#### What the task asks
Reproduce verbatim the lines of the material below, starting at the line with "大果榕是桑科榕属的小乔木,株" and ending at the line with "未分類 事業承継のアトツキさんを婚活で解決‼️ 2025年5月3日", both inclusive; skip the rest.

#### Source material
-------------------------

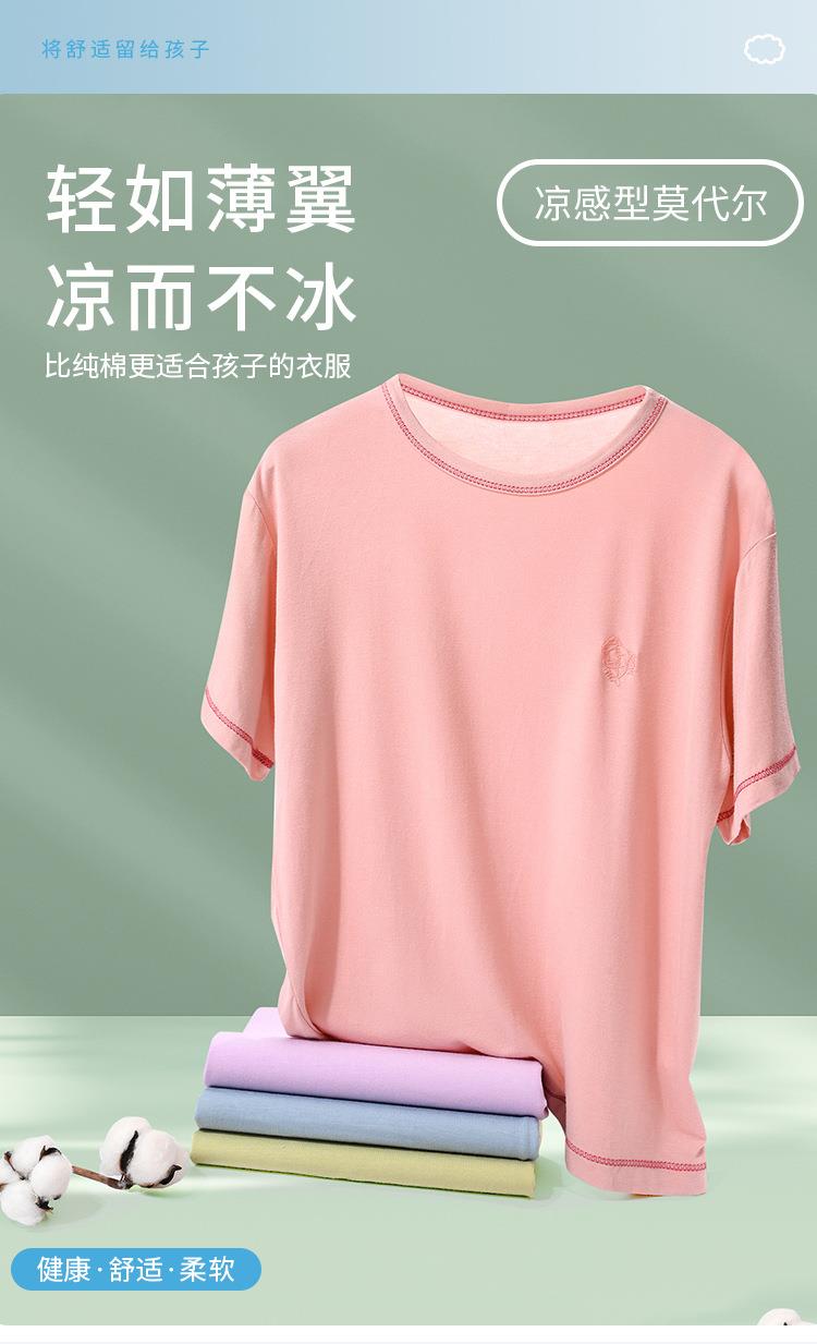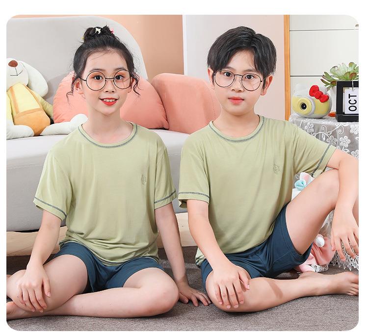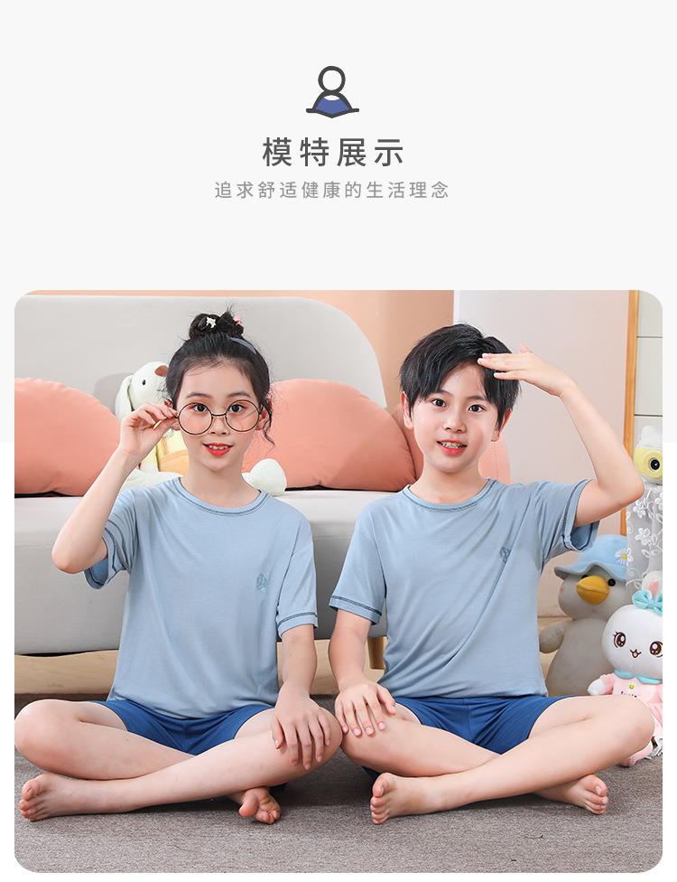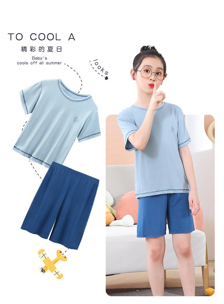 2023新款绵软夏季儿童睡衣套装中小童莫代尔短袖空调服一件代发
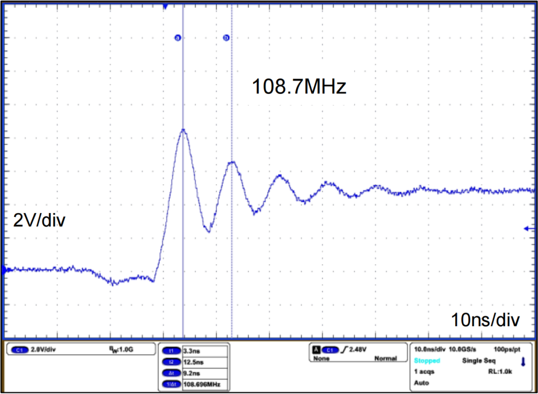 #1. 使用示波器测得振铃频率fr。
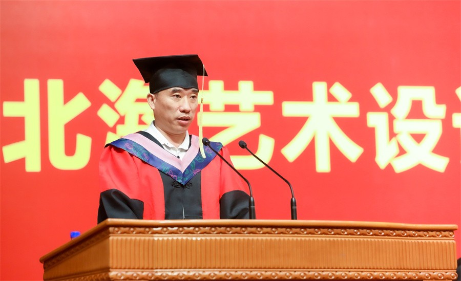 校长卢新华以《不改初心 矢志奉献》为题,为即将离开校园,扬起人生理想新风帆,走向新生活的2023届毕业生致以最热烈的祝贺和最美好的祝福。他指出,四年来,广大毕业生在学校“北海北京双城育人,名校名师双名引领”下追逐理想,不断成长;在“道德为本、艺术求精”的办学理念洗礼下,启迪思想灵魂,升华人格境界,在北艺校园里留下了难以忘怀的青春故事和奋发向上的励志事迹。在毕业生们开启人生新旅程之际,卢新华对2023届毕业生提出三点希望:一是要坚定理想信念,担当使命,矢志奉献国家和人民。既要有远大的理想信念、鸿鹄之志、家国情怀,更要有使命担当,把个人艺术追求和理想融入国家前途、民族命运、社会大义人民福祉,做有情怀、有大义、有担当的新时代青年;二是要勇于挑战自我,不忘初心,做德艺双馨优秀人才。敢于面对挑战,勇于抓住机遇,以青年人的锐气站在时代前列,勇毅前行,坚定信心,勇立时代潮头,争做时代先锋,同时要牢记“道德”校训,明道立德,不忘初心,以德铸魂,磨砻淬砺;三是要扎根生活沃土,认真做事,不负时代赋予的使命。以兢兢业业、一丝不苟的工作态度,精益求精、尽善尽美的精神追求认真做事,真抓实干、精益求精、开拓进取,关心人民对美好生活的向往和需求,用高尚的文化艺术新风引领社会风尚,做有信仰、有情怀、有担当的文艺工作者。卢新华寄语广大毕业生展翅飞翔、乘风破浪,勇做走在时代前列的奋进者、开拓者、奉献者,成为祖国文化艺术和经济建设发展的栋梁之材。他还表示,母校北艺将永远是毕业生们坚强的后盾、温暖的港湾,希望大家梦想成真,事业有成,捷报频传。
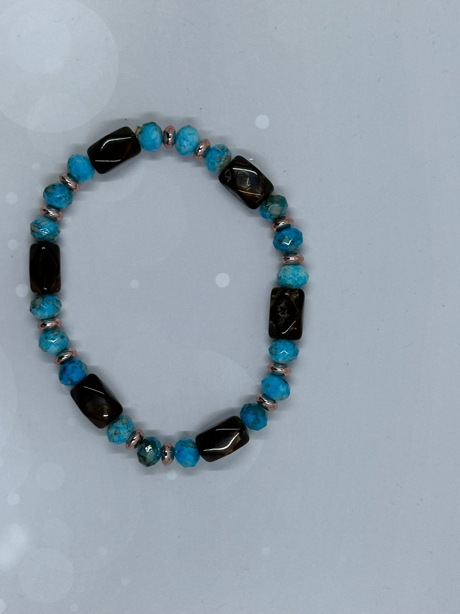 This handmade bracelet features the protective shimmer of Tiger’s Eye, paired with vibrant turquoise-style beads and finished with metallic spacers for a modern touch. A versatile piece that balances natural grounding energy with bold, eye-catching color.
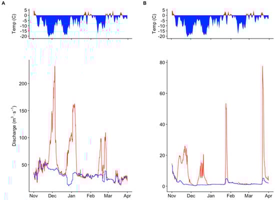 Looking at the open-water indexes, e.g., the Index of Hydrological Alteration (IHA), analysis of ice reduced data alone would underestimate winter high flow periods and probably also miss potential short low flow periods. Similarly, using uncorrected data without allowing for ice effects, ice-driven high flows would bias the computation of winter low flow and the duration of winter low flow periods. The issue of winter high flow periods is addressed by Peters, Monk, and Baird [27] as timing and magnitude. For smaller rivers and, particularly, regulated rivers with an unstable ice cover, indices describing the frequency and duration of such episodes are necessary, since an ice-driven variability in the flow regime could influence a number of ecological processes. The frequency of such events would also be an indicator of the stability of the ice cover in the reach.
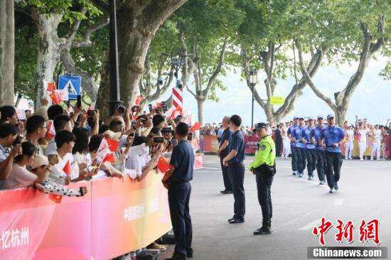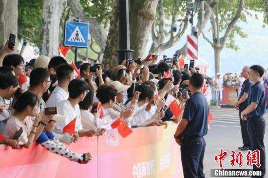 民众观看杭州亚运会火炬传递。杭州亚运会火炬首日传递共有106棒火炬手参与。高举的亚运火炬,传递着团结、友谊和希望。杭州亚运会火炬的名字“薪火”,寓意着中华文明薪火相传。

-------------------------

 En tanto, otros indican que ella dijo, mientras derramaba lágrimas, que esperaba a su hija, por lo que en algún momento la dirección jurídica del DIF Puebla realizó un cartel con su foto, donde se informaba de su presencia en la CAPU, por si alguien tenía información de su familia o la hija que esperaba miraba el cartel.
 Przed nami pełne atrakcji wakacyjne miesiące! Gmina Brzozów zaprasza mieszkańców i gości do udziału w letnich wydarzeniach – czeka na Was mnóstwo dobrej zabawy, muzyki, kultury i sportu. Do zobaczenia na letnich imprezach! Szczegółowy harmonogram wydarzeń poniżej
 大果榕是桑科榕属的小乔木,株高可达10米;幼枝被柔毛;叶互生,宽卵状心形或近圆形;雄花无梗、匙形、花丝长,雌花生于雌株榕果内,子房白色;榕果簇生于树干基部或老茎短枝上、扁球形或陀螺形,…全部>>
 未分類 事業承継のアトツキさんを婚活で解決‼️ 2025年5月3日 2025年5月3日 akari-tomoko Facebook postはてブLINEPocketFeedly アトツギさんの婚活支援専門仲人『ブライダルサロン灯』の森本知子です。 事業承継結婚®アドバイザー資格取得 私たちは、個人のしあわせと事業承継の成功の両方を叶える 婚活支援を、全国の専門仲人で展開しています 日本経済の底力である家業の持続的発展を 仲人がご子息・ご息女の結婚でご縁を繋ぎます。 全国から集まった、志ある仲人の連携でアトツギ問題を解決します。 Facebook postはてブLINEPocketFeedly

-------------------------

#### Response to the exercise
 大果榕是桑科榕属的小乔木,株高可达10米;幼枝被柔毛;叶互生,宽卵状心形或近圆形;雄花无梗、匙形、花丝长,雌花生于雌株榕果内,子房白色;榕果簇生于树干基部或老茎短枝上、扁球形或陀螺形,…全部>>
 未分類 事業承継のアトツキさんを婚活で解決‼️ 2025年5月3日 2025年5月3日 akari-tomoko Facebook postはてブLINEPocketFeedly アトツギさんの婚活支援専門仲人『ブライダルサロン灯』の森本知子です。 事業承継結婚®アドバイザー資格取得 私たちは、個人のしあわせと事業承継の成功の両方を叶える 婚活支援を、全国の専門仲人で展開しています 日本経済の底力である家業の持続的発展を 仲人がご子息・ご息女の結婚でご縁を繋ぎます。 全国から集まった、志ある仲人の連携でアトツギ問題を解決します。 Facebook postはてブLINEPocketFeedly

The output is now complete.